I stroke my hand over her hair, sucking in a deep breath through my nose. “I know,” I tell her. “I know you would have. This isn’t your fault.” It’s mine. I should have been watching out for her. I should have been paying attention, not throwing back champagne the night she disappeared. And I should have looked harder for her. I should have stayed down here. I should have figured out where she was sooner.
There are so many reasons to blame myself for this. It’s madness that Natalia would feel even an ounce of guilt herself. I crouch down beside her, taking the red streamer from her hands. I wind it around my own fingers, hating myself more and more by the second.
“I’ll give you a moment,” Natalia tells me. She gets to her feet and heads off, stopping in front of one of the other crosses, placing her hand lightly on the ground in front of it.
“I bet you’re loving how complicated this thing’s become,” I say softly under my breath. “You always did love drama. Remember when we were teenagers, and Dad caught me sneaking out one night to see that girl…god, what was her name? Sarah Goldman. Fuck, Sarah Goldman.” I shake my head, trying not to laugh. “He caught me shimmying down a drainpipe at the back of the house, and he was screaming and shouting, yelling at me, calling me a little punk, and you showed up and just sat there, eating a sandwich, watching us argue, volleying back and forth like it was a goddamn tennis match.”
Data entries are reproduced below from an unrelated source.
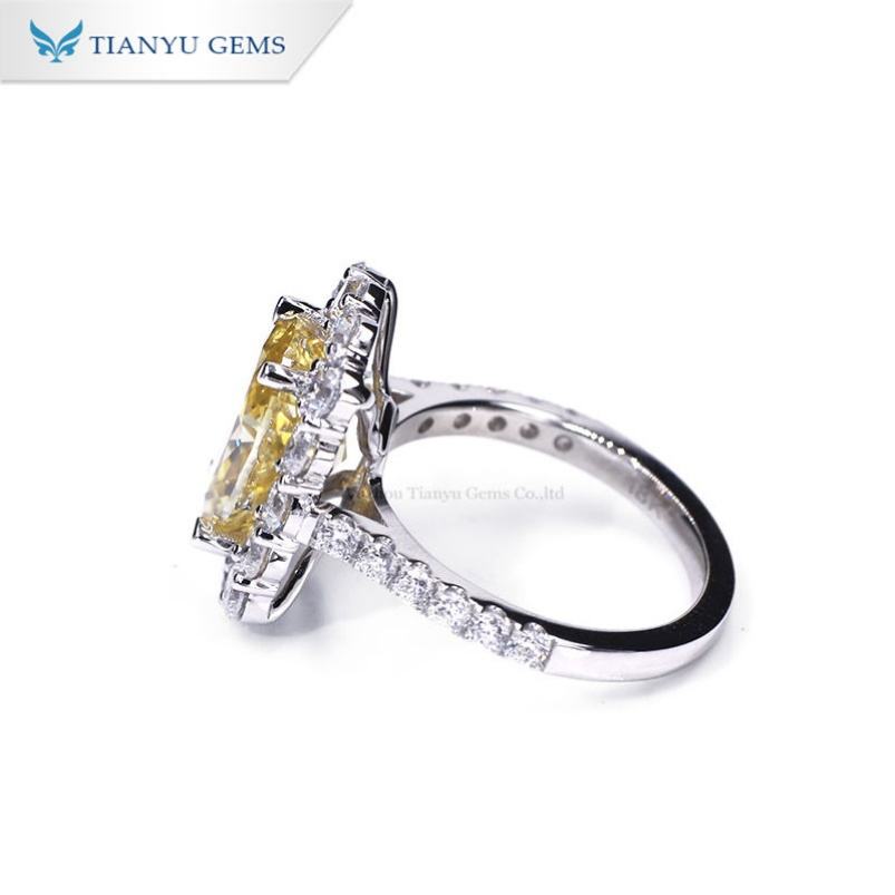 Tianyu Gems Custom Made Oval Crushed Ice Cut Vivid Yellow Moissanite White Gold Engagement Ring for Women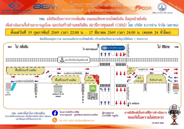 การรถไฟฟ้าขนส่งมวลชนแห่งประเทศไทย (รฟม.) แจ้งว่า บริษัท ช.การช่าง จำกัด (มหาชน) ผู้รับจ้างออกแบบและก่อสร้างอุโมงค์ทางวิ่งและสถานีใต้ดิน โครงการรถไฟฟ้าสายสีส้ม ช่วงบางขุนนนท์ – ศูนย์วัฒนธรรมแห่งประเทศไทย มีความจำเป็นต้องปิดเบี่ยงการจราจรเพิ่มเติม 2 ช่องจราจร บนถนนเลียบทางรถไฟตลิ่งชัน ฝั่งมุ่งหน้าตลิ่งชัน เพื่อดำเนินงานรื้อย้ายสาธารณูปโภค และก่อสร้างกำแพงกันดิน สถานีบางขุนนนท์ (OR02) ตั้งแต่วันที่ 19 กุมภาพันธ์ 2569 เวลา 22:00 น. – 17 มีนาคม 2569 เวลา 24:00 น. (ตลอด 24 ชั่วโมง)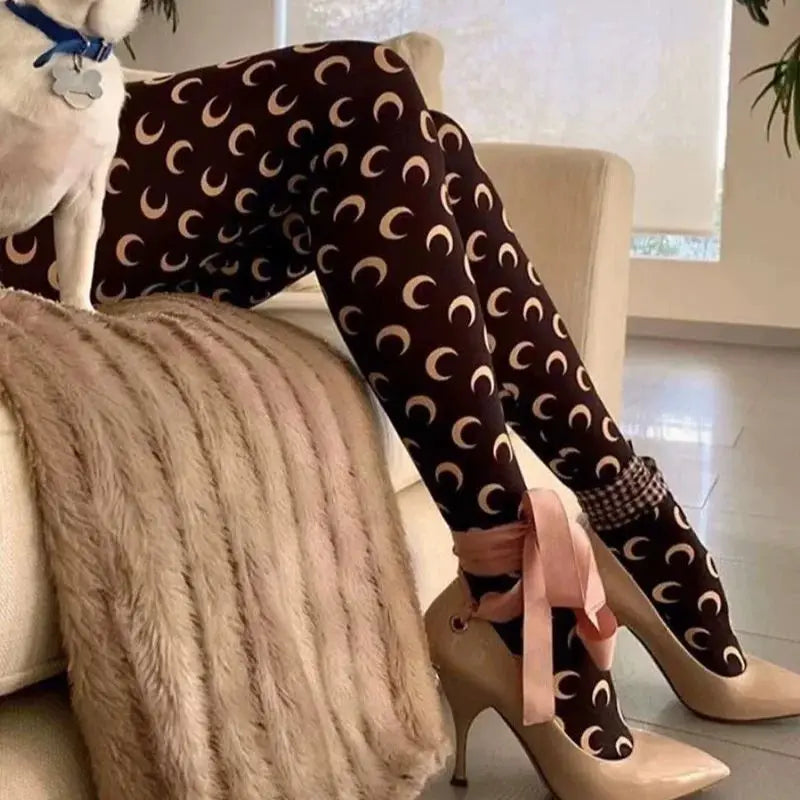 春夏 Y2K レトロデザイン センス レディース服 ムーンプリント レディースパンツ スリミング エラスティック ジャンプスーツ レギンス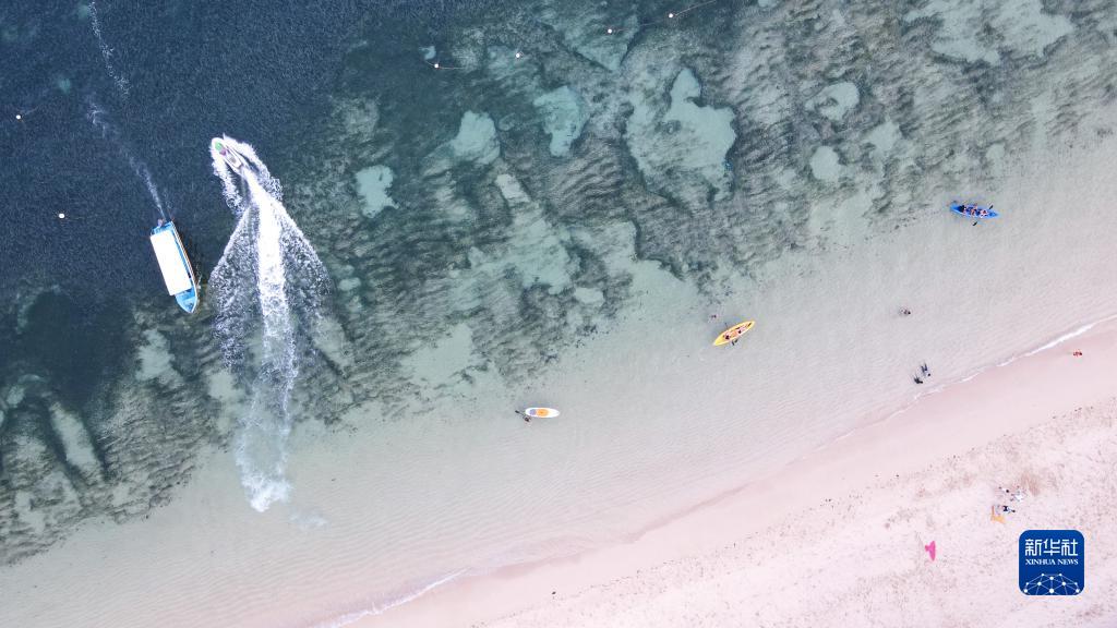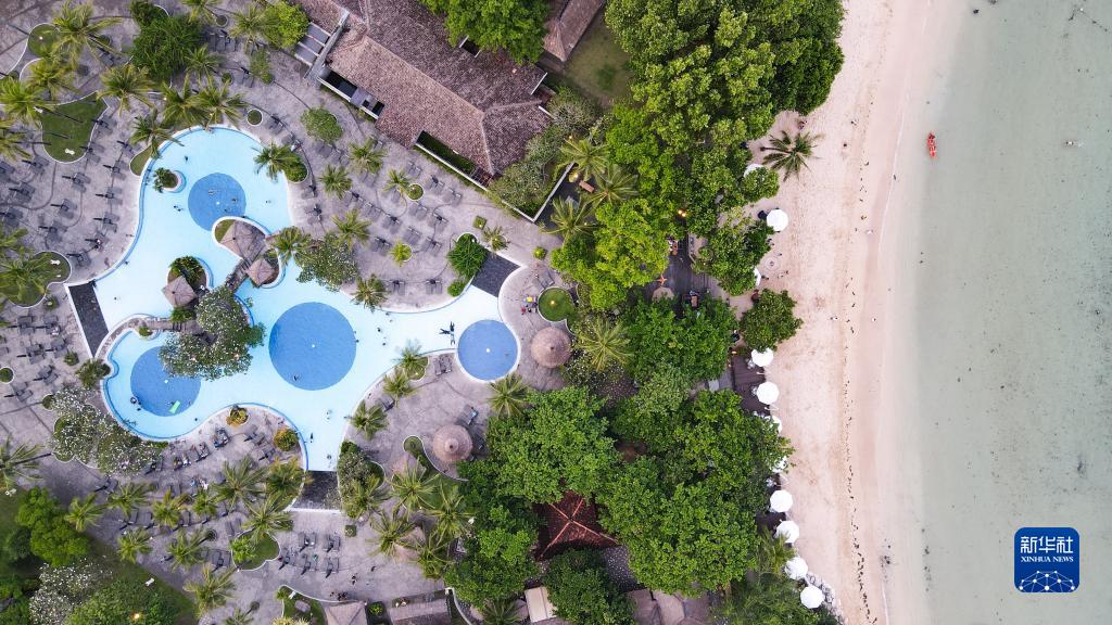 这是12月18日在印度尼西亚巴厘岛拍摄的努沙杜瓦海滩(无人机拍摄)。 印度尼西亚巴厘省统计局数据显示,受新冠疫情影响,今年1月至10月巴厘岛仅接待45名国际游客。不过,随着新年假期临近,印尼国内旅游业显现逐渐恢复的迹象。 新华社记者 徐钦 摄

I almost expect to hear her voice, laughing, telling me I deserved the hiding I got that night, but there’s nothing. No laughter. No elbow in my side. Just the wind teasing the red piece of fabric in my hands, and the mountains stretching on forever in every direction.
Did she ever come up here? Did she ever get to see this while she was alive? I find myself hoping so. She would have really, really loved it.
CHAPTER ELEVEN
MASS
A sour, terrible smell hits the back of my nose as we head back down the mountain. It’s ripe and pungent, and makes my gag reflex work overtime. Natalia takes me by the hand again and tells me we need to hurry back, and I can see that she’s edgy. The smell grows thicker, burning my nostrils as we hike down. At the back of my mind, I already know what the smell is, I recognize it on some level, but I don’t want to acknowledge it.
After a while, the smell disappears. Natalia seems to relax, and I forget about it until we pass through a stand of trees and suddenly we’re faced with a yawning hole in the ground, which is filled almost to the brim with bones. Bones f*cking everywhere. And not animal bones. Not the remains of game that has been hunted and killed. No. These are human skeletons.